**Records from a dataset:**
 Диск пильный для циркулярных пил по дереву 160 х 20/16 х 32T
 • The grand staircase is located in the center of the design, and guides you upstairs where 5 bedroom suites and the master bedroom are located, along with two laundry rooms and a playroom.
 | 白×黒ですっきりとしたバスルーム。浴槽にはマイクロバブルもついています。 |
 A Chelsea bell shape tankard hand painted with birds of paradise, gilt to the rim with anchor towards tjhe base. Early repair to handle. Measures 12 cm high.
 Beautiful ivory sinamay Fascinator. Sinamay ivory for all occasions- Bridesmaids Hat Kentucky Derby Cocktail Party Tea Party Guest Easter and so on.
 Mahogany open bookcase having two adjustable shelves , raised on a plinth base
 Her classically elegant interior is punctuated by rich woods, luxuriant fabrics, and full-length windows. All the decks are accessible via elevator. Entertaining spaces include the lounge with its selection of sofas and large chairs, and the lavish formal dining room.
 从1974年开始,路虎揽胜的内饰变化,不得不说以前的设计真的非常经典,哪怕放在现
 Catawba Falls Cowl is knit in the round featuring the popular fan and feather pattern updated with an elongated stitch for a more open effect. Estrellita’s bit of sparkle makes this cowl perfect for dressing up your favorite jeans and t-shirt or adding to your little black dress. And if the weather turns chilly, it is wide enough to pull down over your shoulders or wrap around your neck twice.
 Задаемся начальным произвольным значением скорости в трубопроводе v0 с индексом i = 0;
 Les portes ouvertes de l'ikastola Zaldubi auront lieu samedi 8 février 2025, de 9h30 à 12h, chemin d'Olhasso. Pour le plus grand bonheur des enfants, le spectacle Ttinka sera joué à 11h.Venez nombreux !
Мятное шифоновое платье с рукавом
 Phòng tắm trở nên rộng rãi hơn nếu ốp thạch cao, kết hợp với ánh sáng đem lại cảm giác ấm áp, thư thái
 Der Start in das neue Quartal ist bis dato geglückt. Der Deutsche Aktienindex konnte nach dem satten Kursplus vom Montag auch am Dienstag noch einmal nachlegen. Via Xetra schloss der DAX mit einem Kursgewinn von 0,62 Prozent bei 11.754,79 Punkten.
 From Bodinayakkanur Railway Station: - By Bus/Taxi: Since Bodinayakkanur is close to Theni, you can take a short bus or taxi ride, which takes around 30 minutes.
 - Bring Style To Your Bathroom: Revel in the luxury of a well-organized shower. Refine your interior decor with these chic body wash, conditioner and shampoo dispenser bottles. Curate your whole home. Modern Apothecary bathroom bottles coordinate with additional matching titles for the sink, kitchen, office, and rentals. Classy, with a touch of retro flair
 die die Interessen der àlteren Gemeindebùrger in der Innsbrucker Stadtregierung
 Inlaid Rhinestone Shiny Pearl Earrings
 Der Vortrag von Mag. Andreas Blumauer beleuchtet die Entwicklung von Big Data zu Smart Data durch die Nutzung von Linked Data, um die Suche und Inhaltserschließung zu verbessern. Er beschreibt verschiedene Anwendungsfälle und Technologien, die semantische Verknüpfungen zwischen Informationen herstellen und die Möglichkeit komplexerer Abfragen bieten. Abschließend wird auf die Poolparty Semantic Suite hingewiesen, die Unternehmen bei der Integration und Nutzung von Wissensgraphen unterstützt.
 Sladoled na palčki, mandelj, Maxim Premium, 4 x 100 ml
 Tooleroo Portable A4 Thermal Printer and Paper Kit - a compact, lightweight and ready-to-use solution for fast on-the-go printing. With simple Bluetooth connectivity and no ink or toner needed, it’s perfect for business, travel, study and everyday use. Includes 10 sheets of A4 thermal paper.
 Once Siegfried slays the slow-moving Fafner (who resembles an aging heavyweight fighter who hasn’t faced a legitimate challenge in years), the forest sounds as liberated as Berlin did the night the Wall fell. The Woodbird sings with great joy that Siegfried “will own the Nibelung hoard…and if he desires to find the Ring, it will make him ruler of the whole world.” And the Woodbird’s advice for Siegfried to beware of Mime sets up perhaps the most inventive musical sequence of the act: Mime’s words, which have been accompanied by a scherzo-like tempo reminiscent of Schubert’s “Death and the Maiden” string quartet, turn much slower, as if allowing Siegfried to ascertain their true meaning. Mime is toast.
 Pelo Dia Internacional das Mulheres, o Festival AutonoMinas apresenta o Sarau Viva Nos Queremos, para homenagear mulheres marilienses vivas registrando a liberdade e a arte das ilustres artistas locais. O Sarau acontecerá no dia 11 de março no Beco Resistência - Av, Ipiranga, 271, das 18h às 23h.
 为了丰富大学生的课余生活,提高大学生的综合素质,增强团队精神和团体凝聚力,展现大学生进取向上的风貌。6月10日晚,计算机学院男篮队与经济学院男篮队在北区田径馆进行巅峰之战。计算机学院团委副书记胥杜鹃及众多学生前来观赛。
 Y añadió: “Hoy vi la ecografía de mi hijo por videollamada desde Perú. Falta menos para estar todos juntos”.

**WHAT YOU NEED TO DO:** For every line in the data above that holds "base", return the line itself.

**RESULT:**
 A Chelsea bell shape tankard hand painted with birds of paradise, gilt to the rim with anchor towards tjhe base. Early repair to handle. Measures 12 cm high.
 Mahogany open bookcase having two adjustable shelves , raised on a plinth base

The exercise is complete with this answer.